# Moving Finale from one PC drive to another



## bcarwell (Feb 15, 2022)

Finale is on my c:/ system drive and I now need to free up space on it.

Exactly how do I remove Finale from the c: drive onto an external drive connected to the same PC.

I don't care about performance, as most of my Finale projects are simple.

And most of the instructions I've found are for moving Finale off one PC onto another.

Can I simply do a bulk copy of all the Finale files on my c: drive to the other drive ?

Thanks for any help.

Bob


----------



## benwiggy (Feb 16, 2022)

You can move the Garritan samples quite easily, following these instructions:



https://makemusic.zendesk.com/hc/en-us/articles/217749158-Moving-your-Garritan-samples-folder-after-installation



But: apart from the samples, the rest of it is less than 1Gb on your C drive.

The application itself is under 200 Mb. You could move that. There are then various support and Component files, but these have to be in locations that Finale knows. You can delete the "Worksheets and Repertoire" example docs, and save 100 Mb or so. You can configure some locations for plug-ins and other components in the application's preferences (in the Folders pane).


----------



## bcarwell (Feb 16, 2022)

Many thanks Ben. I didn't want to spend time moving little 100-200 Mb chunks here and there if I could find much bigger folders, etc. The large Finale folder seemed to be a good first candidate but I didn't know if I could move the entire thing easily without breaking something. I am <dangerously> low on my c: at less than 1GB.

Per your suggestion I will at least start by moving Garritan. May be time to look at a new larger system drive but might be a PITA and not very cost effective, since its a Thinkpad.

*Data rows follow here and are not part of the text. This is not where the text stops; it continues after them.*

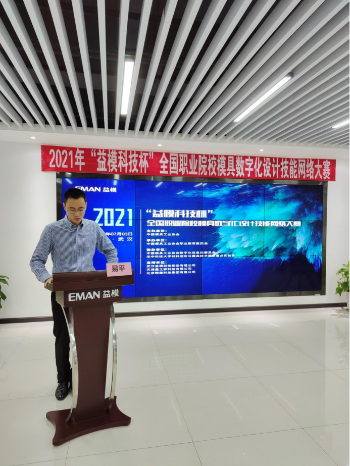 中國模具工業(yè)協(xié)會(huì )數字信息化委員會(huì )主任\武漢益??萍脊煞萦邢薰径麻L(cháng)易平先生致辭。易董事長(cháng)代表武漢益??萍脊煞萦邢薰救w員工對各位領(lǐng)導老師同學(xué)的參加表示誠摯的歡迎。然后對益模公司做了簡(jiǎn)單的介紹,多年來(lái)益模一直秉承理論與實(shí)踐相結合的理念,將15年在企業(yè)技術(shù)制造應用中的沉淀融入到職業(yè)教育領(lǐng)域,與國內多個(gè)一流職業(yè)院校合作,打造一系列智能制造實(shí)訓室,憑借申報的拉延模具數字化設計項目,成功入選第4批1+X證書(shū)的試點(diǎn)。積極進(jìn)行教學(xué)模式探索,建立適應新形勢下的職業(yè)崗位標準,為院校教學(xué)課程設置及崗位職業(yè)能力培養提供有效依據,從而實(shí)現產(chǎn)教深度融合。
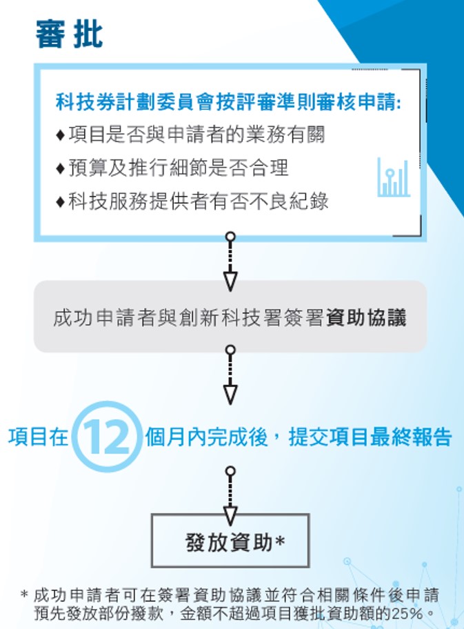 申請獲批後,企業可獲發放30%的資助金額。當項目完成及證明文件獲接納後,企業可獲發放餘下資助金額。
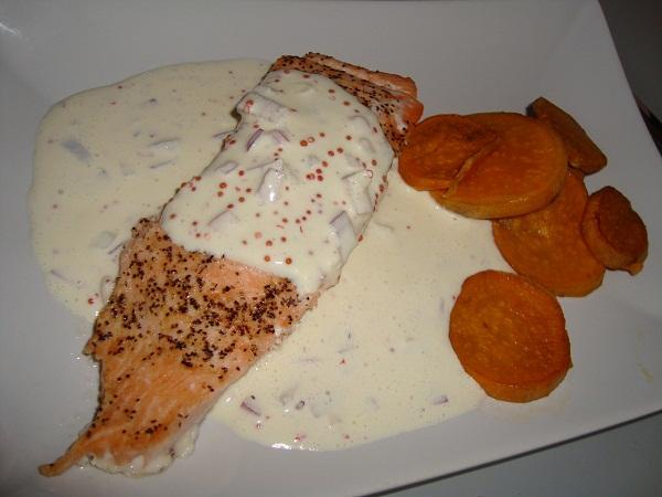 Lax med romsås och ugnsrostad sötpotatis
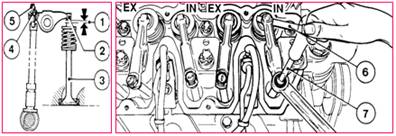 調整氣門(mén)間隙之前,停機30分鐘,油溫要低于80℃。用塞尺6檢查2、3之間的間隙1,塞尺塞入后要有輕度                                           磨擦,正確的氣門(mén)間隙;進(jìn)氣門(mén):0.3mm,排氣門(mén):0.5mm,(每次更換氣缸墊后,氣門(mén)間隙增加0.1mm,運轉                                      50-150小時(shí)后重新調整)。按如下步驟調整氣門(mén)間隙: -松開(kāi)鎖母4。用改錐7擰螺栓5,上緊鎖母4,得到正確的氣門(mén)間隙。                                       檢查、調查其他各缸的氣門(mén)間隙。裝好氣門(mén)室蓋(如需要,更換墊圈)。
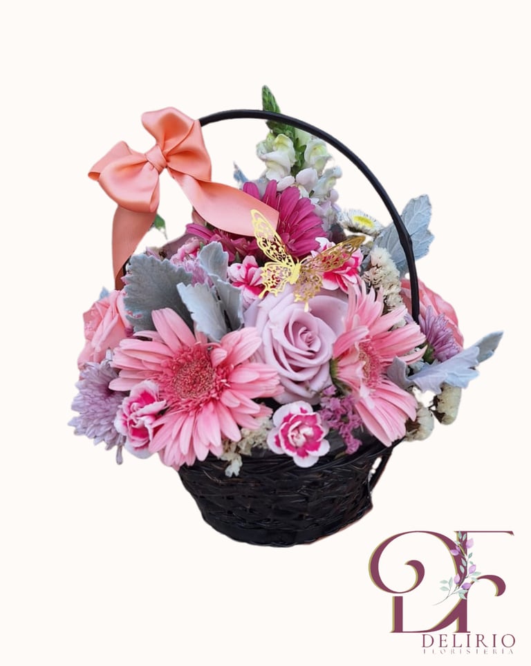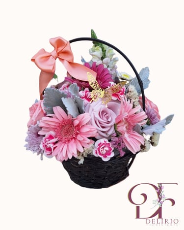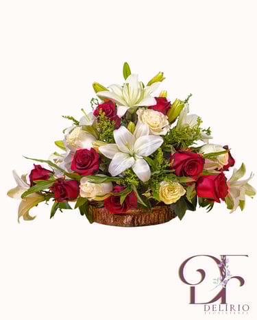 Centro de mesa elegante con lilis y rosas, perfecto para eventos especiales.
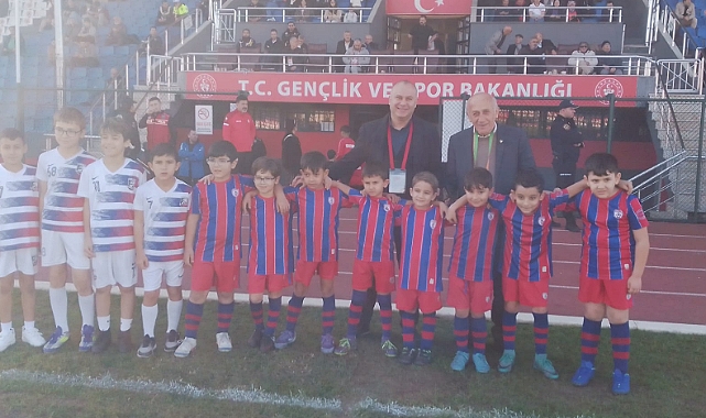 BAL Ligi 4.Grup'ta 6.ci hafta maçında Atatürk Stadı'nda oynanan Bartınspor ile YeniçağaSpor maçında iki takım futbolcuları, Bartın Futbol Okullarında eğitim gören minik oyuncularla seremoniye çıktı. Bartın ASKF başkanı minik oyuncularla hatıra fotoğrafında yer aldı.
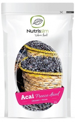 Prášek z plodů Acai neboli Euterpe brazilské, palmy rostoucí v brazilském deštném pralese a na pacifickém pobřeží Kolumbie.
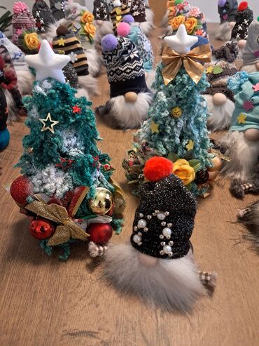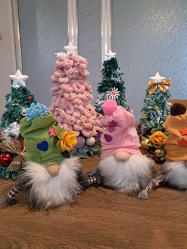 Set figuraRučno rađene novogodišnje dekoracije – skandinavski patuljci (gnome) i mini jelke.
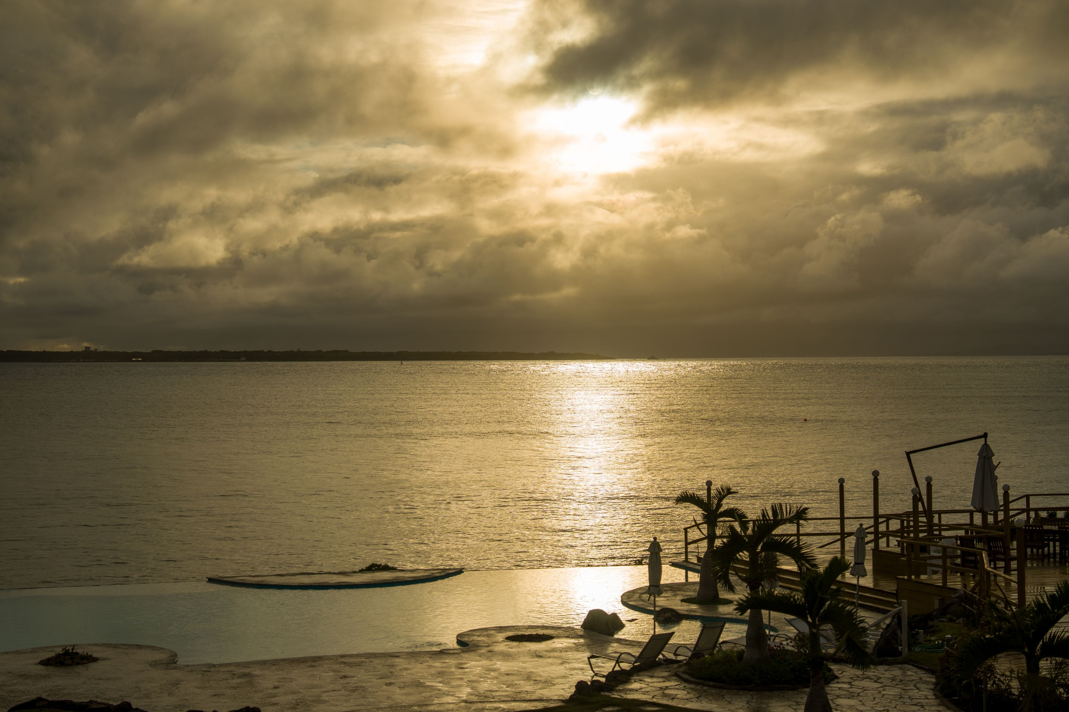 石垣島ビーチホテルのサンセット 前に見えている島は竹富島 雨の日に夕暮れに一瞬日が出て光の道が現れました。

Anyway, thanks again, and I'll have at it....

Best,

Bob


----------



## ssnowe (Feb 16, 2022)

If you have multiple drives turn off the windows page/swap file on your main drive and turn it on on your secondary drive, will probably give you back 10 or more gb of space. You can also run disk cleanup to remove old windows update downloads giving you back additional space.


----------